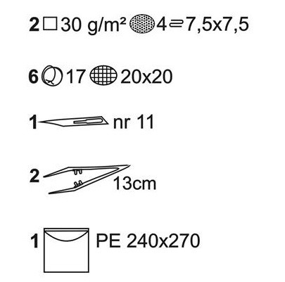 Jałowy materiał gotowy do natychmiastowego zastosowania w gabinecie zabiegowym, na oddziale szpitalnym lub w domu pacjenta.
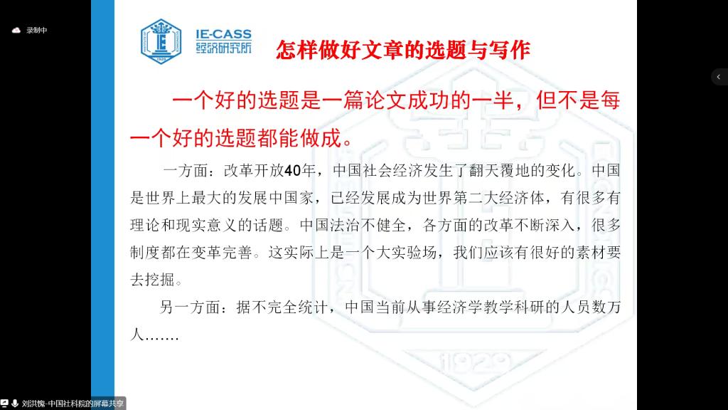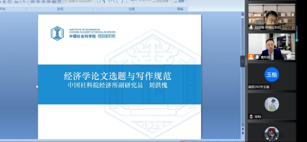 2022年11月3日,应学院邀请,中国社会科学院经济研究所副研究员、《经济学动态》责任编辑刘洪愧通过线上会议为万搏在线师生作了“经济学论文选题与写作规范”的专题报告,院长唐松林主持了会议。
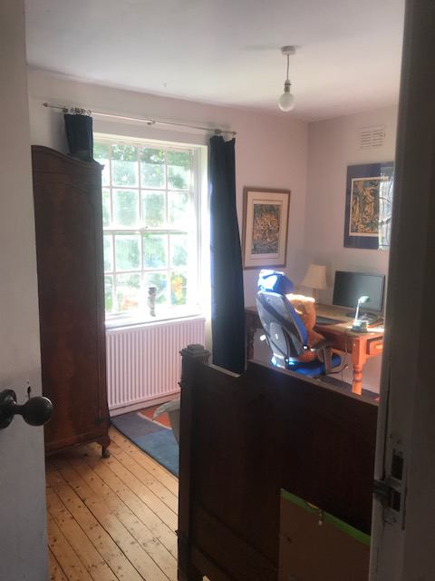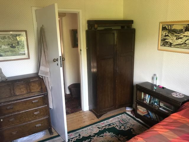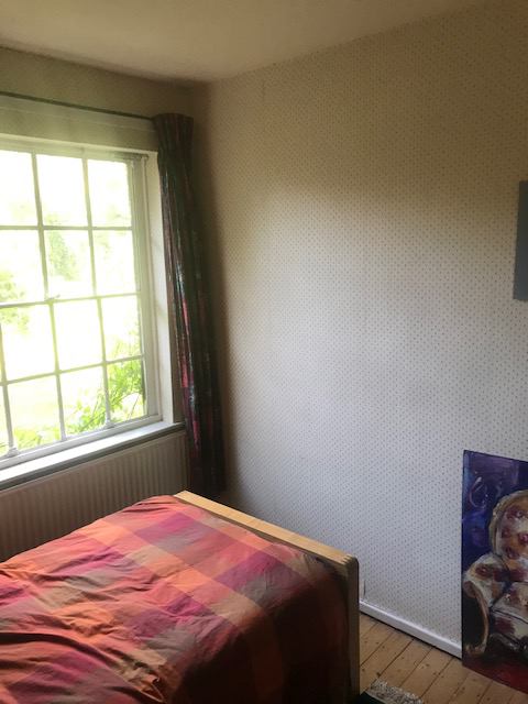The available single room features a single bed, while the connected living room offers a day bed, capacious desk, and potential bookshelf. These rooms are slightly separated from the rest of the house, providing a private living area for the lodger. The atmosphere is cozy and conducive to both work and relaxation. The house layout emphasizes privacy, with the owner valuing their own space when present. Guests are not allowed, ensuring a peaceful living environment for the lodger.
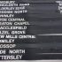 Quantity of Train Destination Labels, from Station Time Table Machine on flexible plastic. 30″ x 2 1/2″. v.g.c.
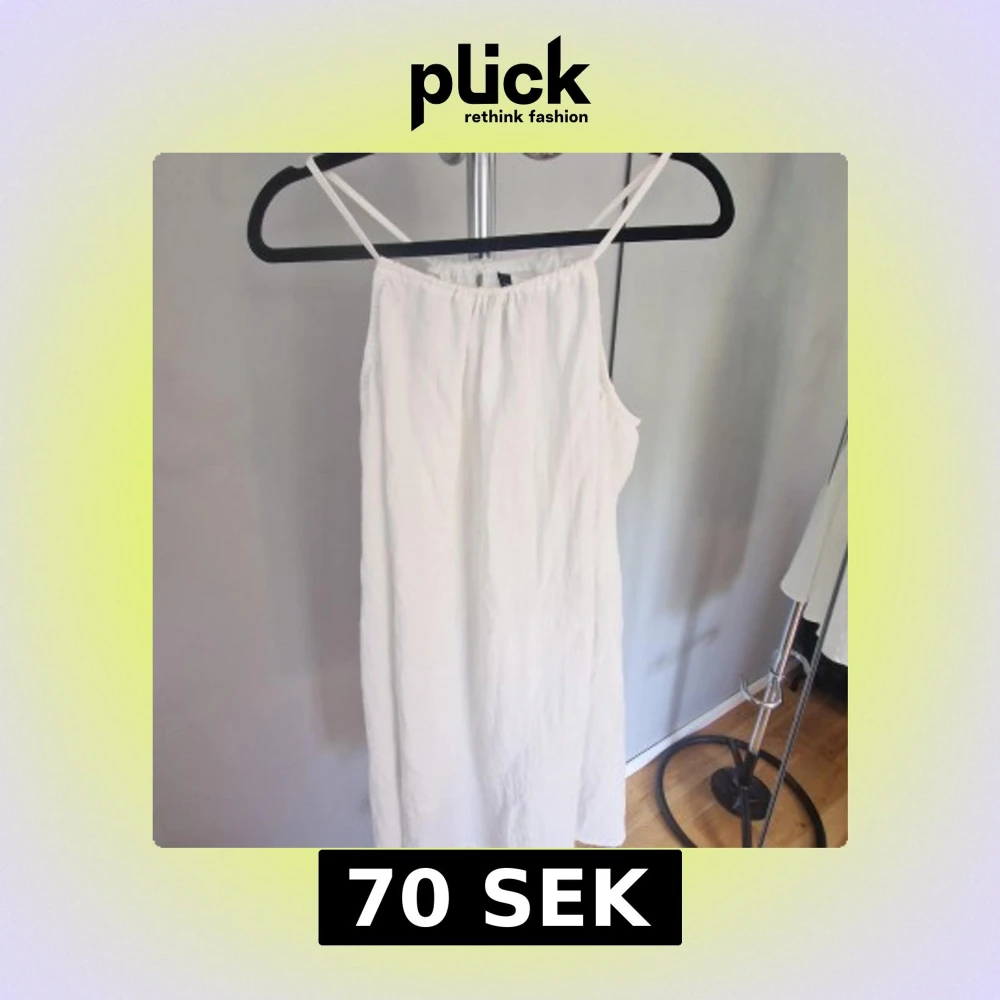 Säljer en enkel och stilren vit klänning från Divided med smala axelband och rak passform. Klänningen är ärmlös och har en lätt och luftig känsla, perfekt för varma dagar. Snygg att styla med sandaler eller sneakers.
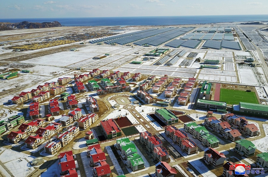 金正恩委員長は、チュチェ108(2019)年10月、キョンソン郡チュンピョン・ハウス野菜農場と育苗場の建設現場を訪れました。金正恩委員長は、展望台に上がって建設中の野菜ハウスと育苗場、住宅、各種のサービス施設を見て、無から有を創造するというのはまさにこのことだ、と喜びに満ちて言いました。
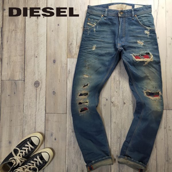 > ☆DIESEL ディーゼル☆KROOLEY 東京渋谷店 200本限定 クラッシュ リペア加工 スリム デニム パンツ W28 LIMITED EDITION S382
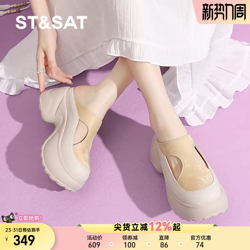 星期六2025夏季厚底包头拖鞋外穿增高懒人凉拖鞋女鞋镂空简约时尚
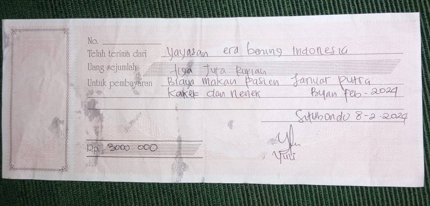 Saat ini kondisi Januar sedang tidak baik-baik saja, benjolan di dahinya kini semakin besar dan itu membuatnya selalu menangis kesakitan. Setelah dibawa ke RS Elizabeth Situbondo, Januar harus melakukan operasi di RS Dr. Soebandi Jember.
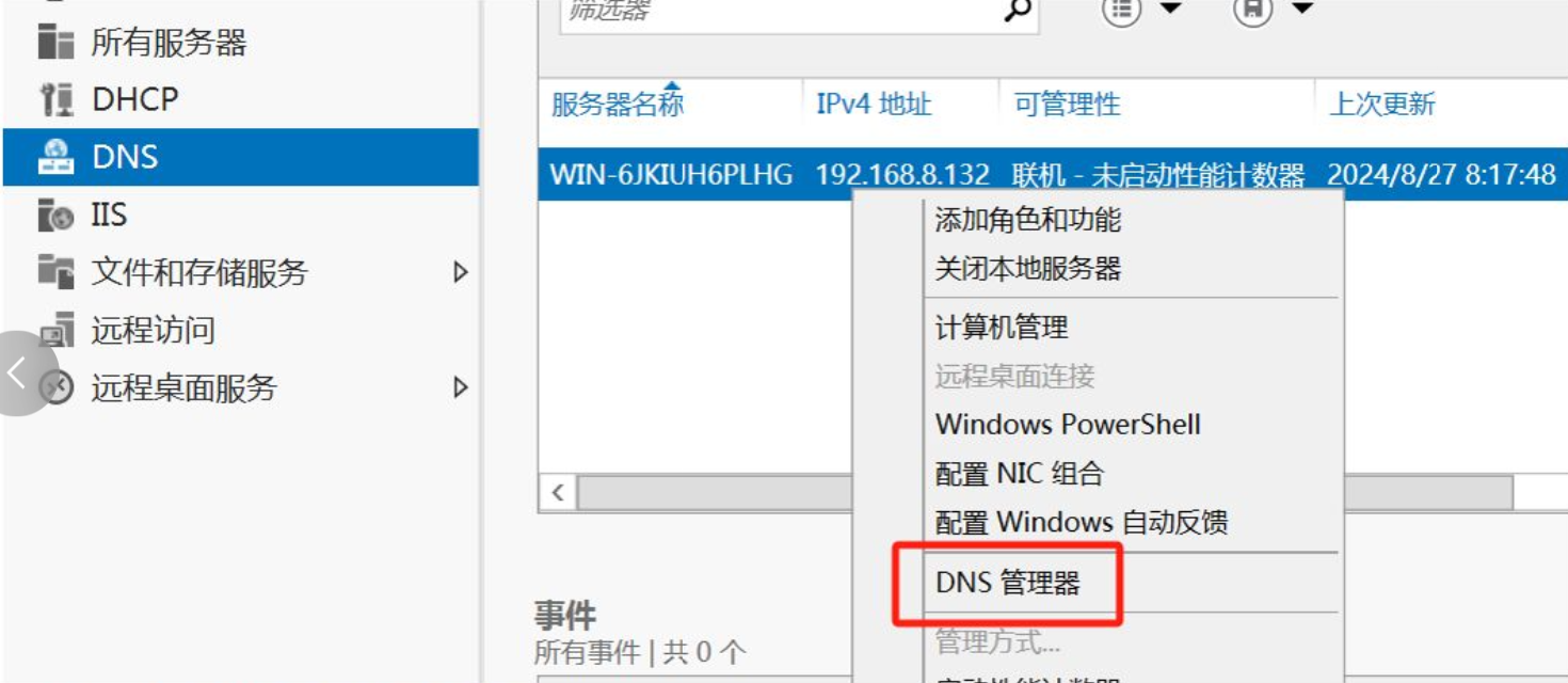 - 打开DNS 管理器:服务器管理器→「工具」→「DNS」;
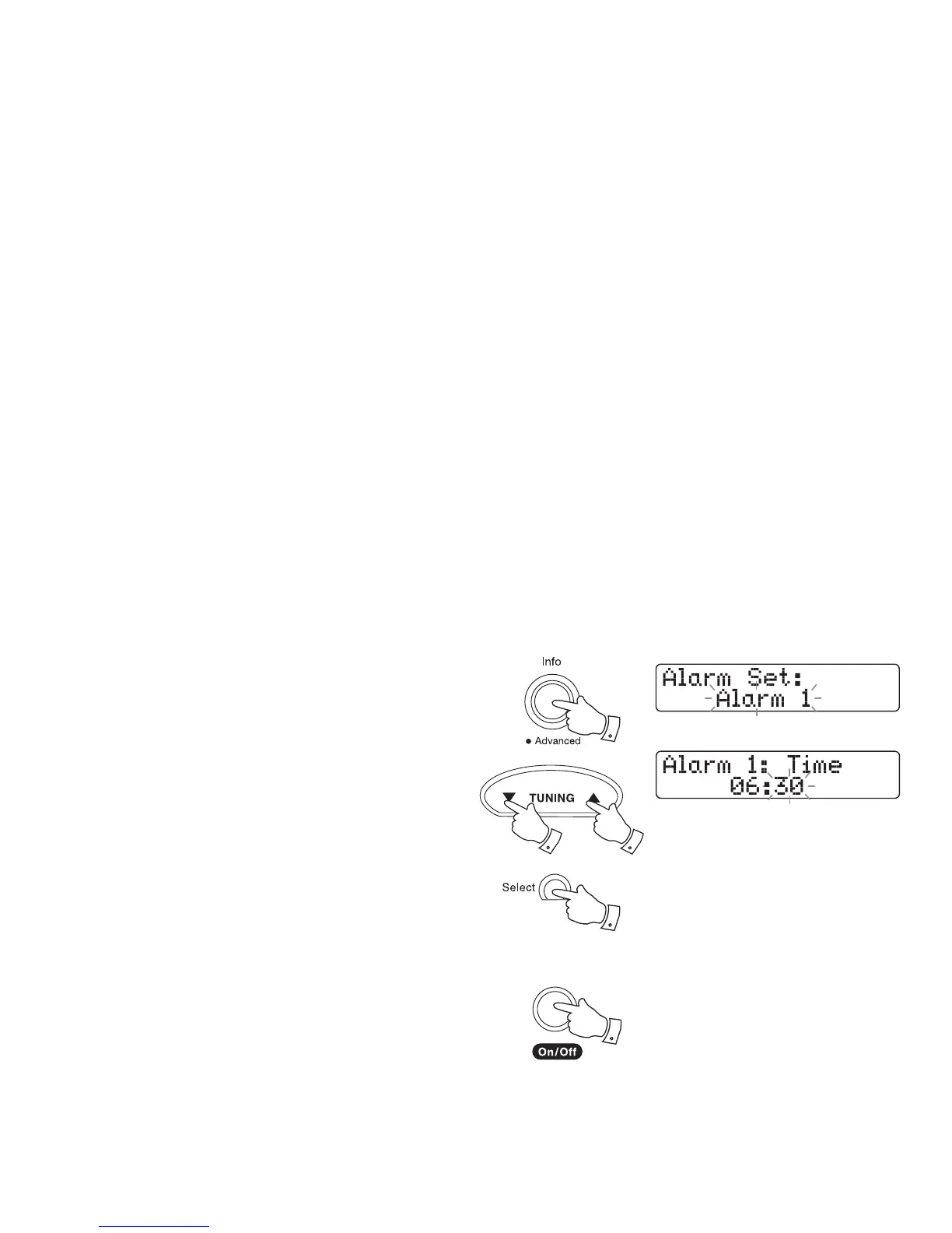 2. Press the Tuning Up or Down buttons until 'Alarm Set' shows on the
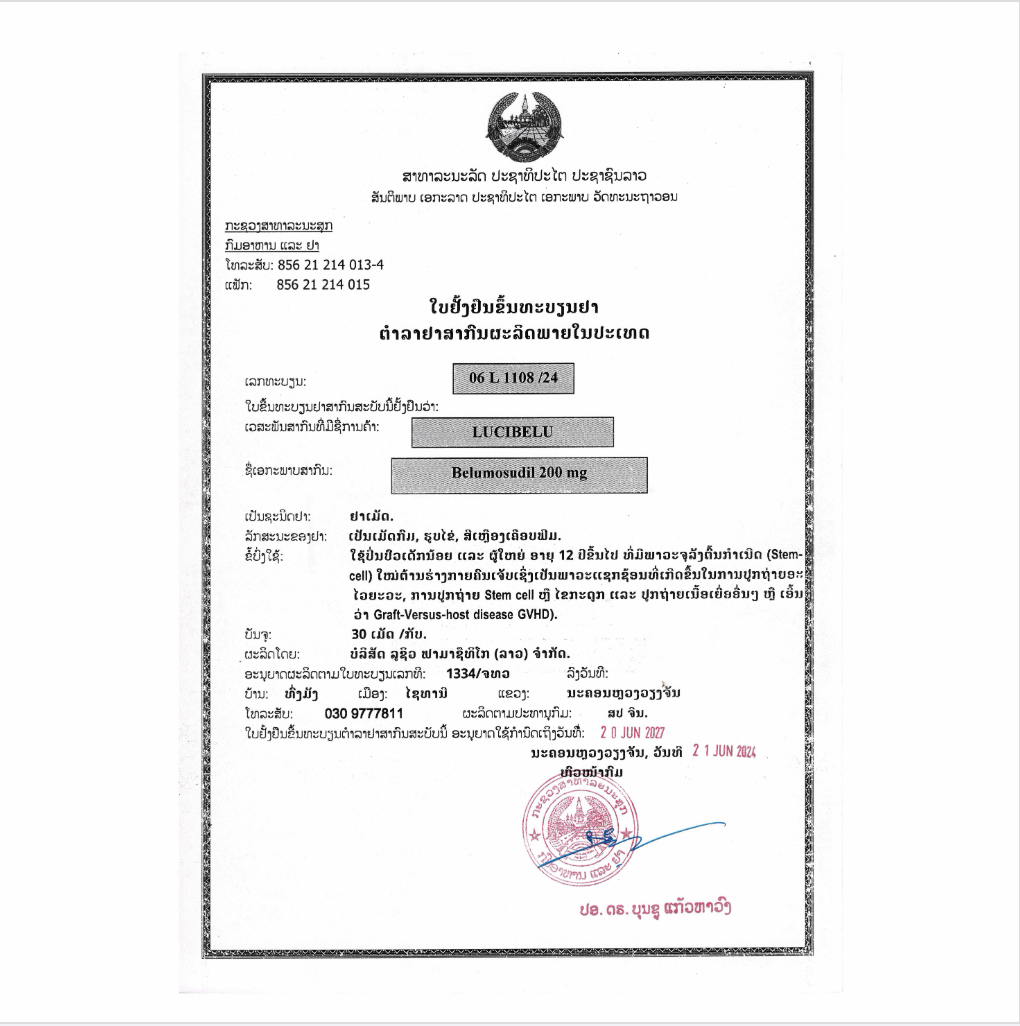 LuciBelu is a kinase inhibitor indicated for the treatment of adult and pediatric patients 12 years and older with chronic graft-versus-host disease (chronic GVHD) after failure of at least two prior lines of systemic therapy.
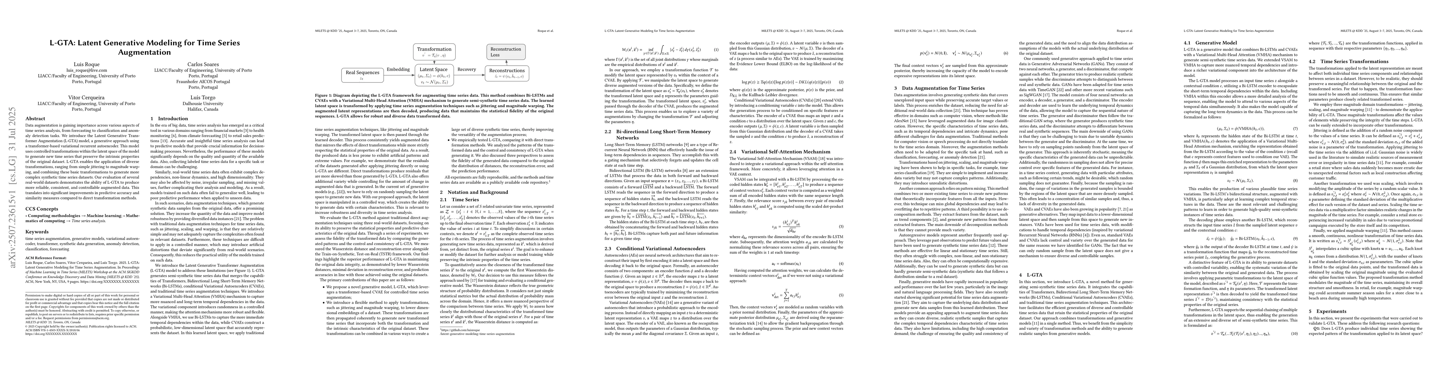 Data augmentation is gaining importance across various aspects of time series analysis, from forecasting to classification and anomaly detection tasks. We introduce the Latent Generative Transformer Augmentation (L-GTA) model, a generative approach using a transformer-based variational recurrent autoencoder. This model uses controlled transformations within the latent space of the model to generate new time series that preserve the intrinsic properties of the original dataset. L-GTA enables the application of diverse transformations, ranging from simple jittering to magnitude warping, and combining these basic transformations to generate more complex synthetic time series datasets. Our evaluation of several real-world datasets demonstrates the ability of L-GTA to produce more reliable, consistent, and controllable augmented data. This translates into significant improvements in predictive accuracy and similarity measures compared to direct transformation methods.
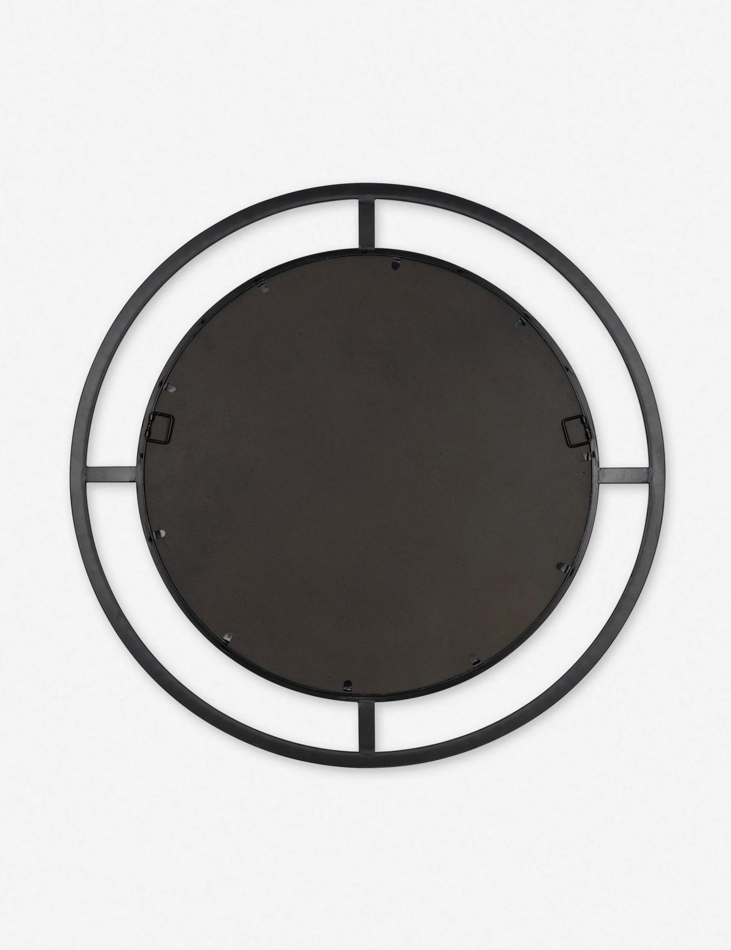 Featuring a streamlined metal frame with a porthole-like quality to it, this oversized round mirror balances a subtly nautical look with minimalist design. In a sleek black finish, this large wall mirror reflects a ton of natural light, so it will look great placed opposite any bedroom, dining room, or living room windows.
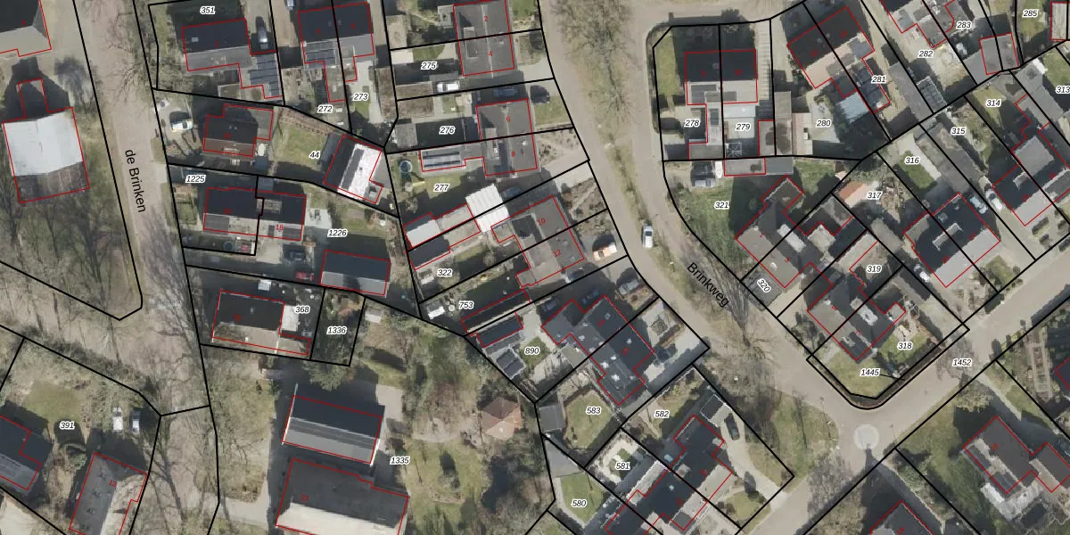 Het perceel waarop Brinkweg 12 staat heeft een oppervlakte van 363 m². Dit is een groot perceel. De perceeloppervlakte wordt geregistreerd door het Kadaster. Gedetailleerde informatie over de maten van dit perceel kunt u vinden in het rapport Kadastrale kaart met maatvoering van Brinkweg 12.
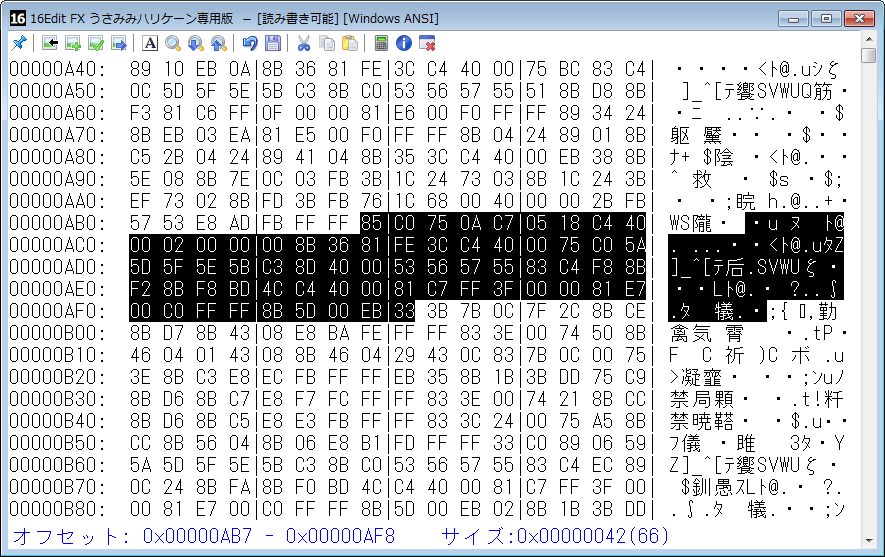 ●ヘキサエディタ(バイナリエディタ)「16Edit FX」の機能補足と基本注意事項- 「うさみみハリケーン」には、ヘキサエディタ「へきさにゃん」を同梱しています。必要に応じて使い分けてください。

+ + + + + + +

» DIRECTIONS
In the listing above, find the line with "金正恩委員長は、チュチェ10" and the line with "星期六2025夏季厚底包头拖鞋外穿增高懒人凉拖鞋女鞋镂空简约时尚". Set down both and every line between them, minus the pictures.

» OUTPUT OF THE EXERCISE
 金正恩委員長は、チュチェ108(2019)年10月、キョンソン郡チュンピョン・ハウス野菜農場と育苗場の建設現場を訪れました。金正恩委員長は、展望台に上がって建設中の野菜ハウスと育苗場、住宅、各種のサービス施設を見て、無から有を創造するというのはまさにこのことだ、と喜びに満ちて言いました。
 > ☆DIESEL ディーゼル☆KROOLEY 東京渋谷店 200本限定 クラッシュ リペア加工 スリム デニム パンツ W28 LIMITED EDITION S382
 星期六2025夏季厚底包头拖鞋外穿增高懒人凉拖鞋女鞋镂空简约时尚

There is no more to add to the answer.